Oh, baby. What have you done?

“Will she be okay?' I don't want to go to my grave knowing the woman I love will be anything but okay when I'm gone. I need to know Vidal will take care of her and make sure she won't do anything like this again.

“I don't know, Ghost. I honestly don't know. Will she be okay if I go through with this and kill you? Even though I ought to after what you did? No, I don't think she will be.”

I close my eyes, and for the first time in my life, I pray to whoever is up there to keep my baby safe. To heal her heart and help her move on with her life as best she can. And my god, I want her to have the best life.

“You have to help her, Draven.” Yeah, yeah, I know I'm supposed to call him “Mr. Vidal” or “Don” when addressing him, everyone is, it's a respect thing, but I have nothing left to lose. “You have to help her move on from me. Help her...”

“I am helping her. Come with me.”

I nod and follow him to my death. Each brother tips his head as I walk through the clubhouse with my head held high. I'll miss them all, even in death.

Prez and Hammer are waiting on their bikes either side of the black SUV, which some tall bodyguard opens the back door of. I climb inside, Vidal follows. I don't know where he's taking me, where my final breathing spot will be, but I say nothing.

I didn't wanna die with this fear for Avery inside of me. But I'm going to with it buried deep inside of my heart. I'm gonna die not really knowing if she'll ever be okay or not.

I don't want to leave her, I want to hold her close to me and grow old with her the way I promised we would. Fuck, I wanted to make her my wife, start a family with her. My very own family. Something that was really mine.

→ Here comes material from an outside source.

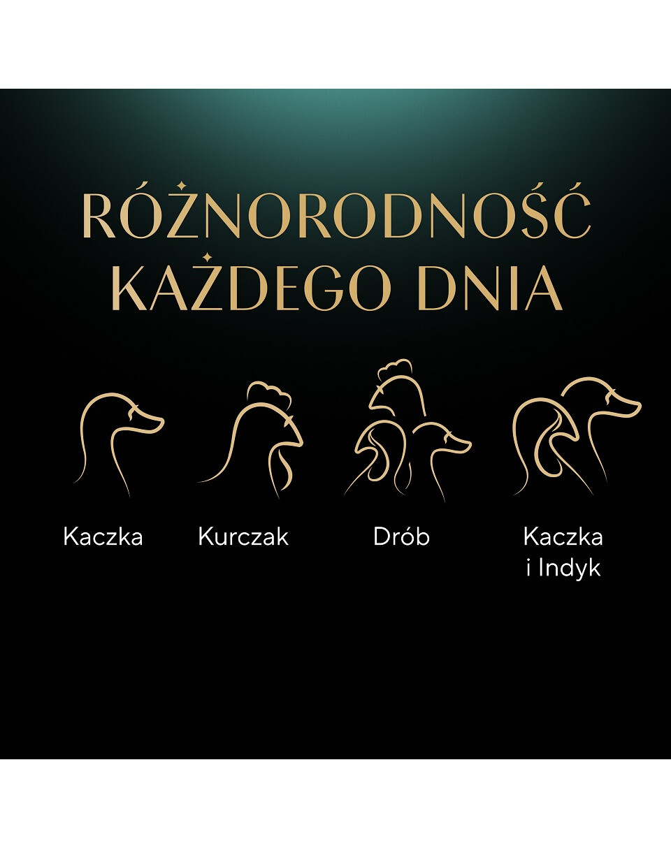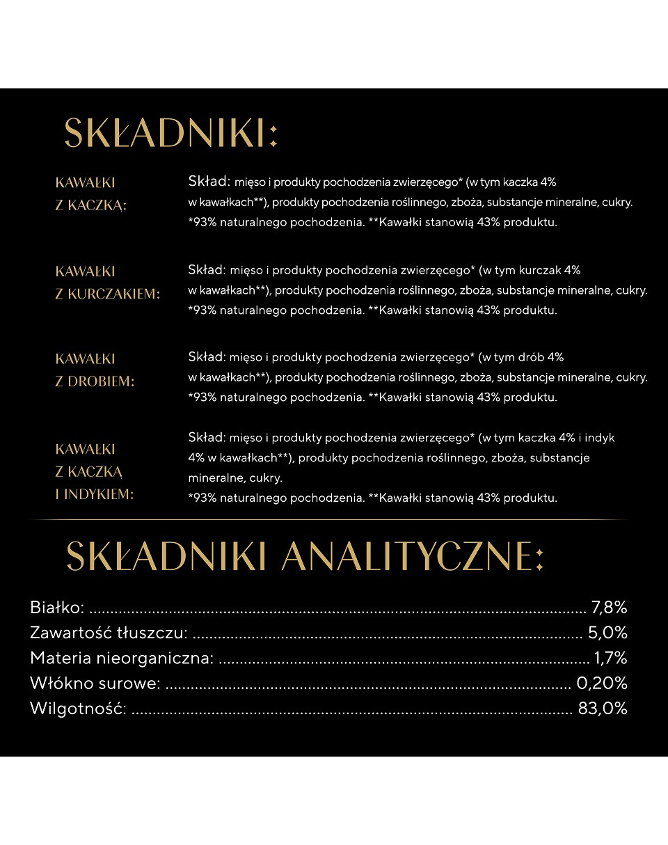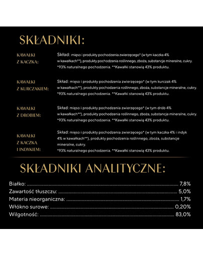 Bitar med anka och kalkon: Innehåll: kött och animaliska biprodukter* (inklusive anka 4% och kalkon 4% i bitar**), växtbaserade produkter, spannmål, mineralämnen, sockerarter. *93% av naturligt ursprung. **Bitar utgör 43% av produkten.
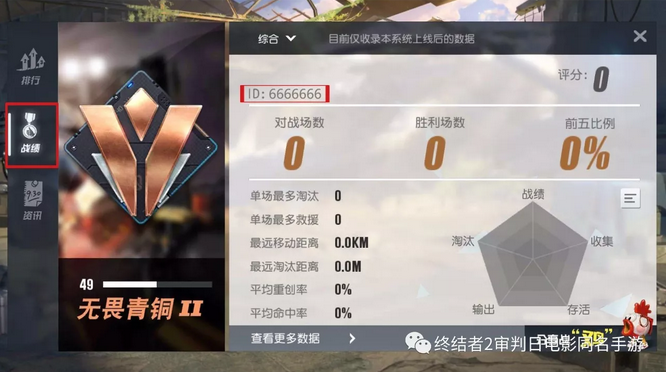 在 [战绩] 中的昵称下方可以看到自己的数字ID

Yeah, I know it sounds ridiculous coming from a man like me. But I wanted it all. I wanted a wife and a child of my own. I stil

l want that for her. I want her to find somebody who will give her it all, and I don't want her to feel any guilt about it.

“You should think yourself lucky that my brother thinks so much of you. You're lucky that I love my cousin as much as I do my sister.”

I look at him, I don't know if he's rubbing my nose in something or trying to prove something.

“I'm giving you one chance and one chance only to get this right, Ghost. One chance to prove to me that you can take care of Avery the way she deserves. Now, this ain't easy for me, handing my cousin over to a biker, even if you are Italian.” By blood and name only. There ain't nothin' Italian about me.

Wait... “What are you sayin'?”

“That I'm letting you live and I'm letting you be with Avery.”

“And the famiglia will just approve that?”

He smirks. “I am the Don, Ghost. What I say goes. In the end. But let me tell you this. You make one wrong move and I swear there will be no one that will be able to save you.”

I take a shuddering breath. My heart is beating out of my chest. “I won't let you down. I love her. I'm going to marry her and give her the life she deserves. There ain't no one alive who will hurt her, because I will fuckin' murder them in the worst way. She is everything to me. Everything.”

“Then go to her. And you make her happy, Ghost.”

It's only now I notice through the tinted windows that we've pulled up outside the hospital.

“Second floor. Room fifteen.”

I don't wait for another word, don't even acknowledge Shepard and Hammer, I'm out of that car and racing toward the room where Avery is so fast, I haven't given a second thought to that fact Vidal just gave me back my life.

I swing the door to her room open, breathing heavily for a moment. She's lying in bed, eyes closed, blanket pulled up to her chest, arms outside of it, wrists wrapped in white gauze, IV in her left hand, Maria by her side. And it's only now when I glance at her do I see the resemblance. I see Hammer in her features.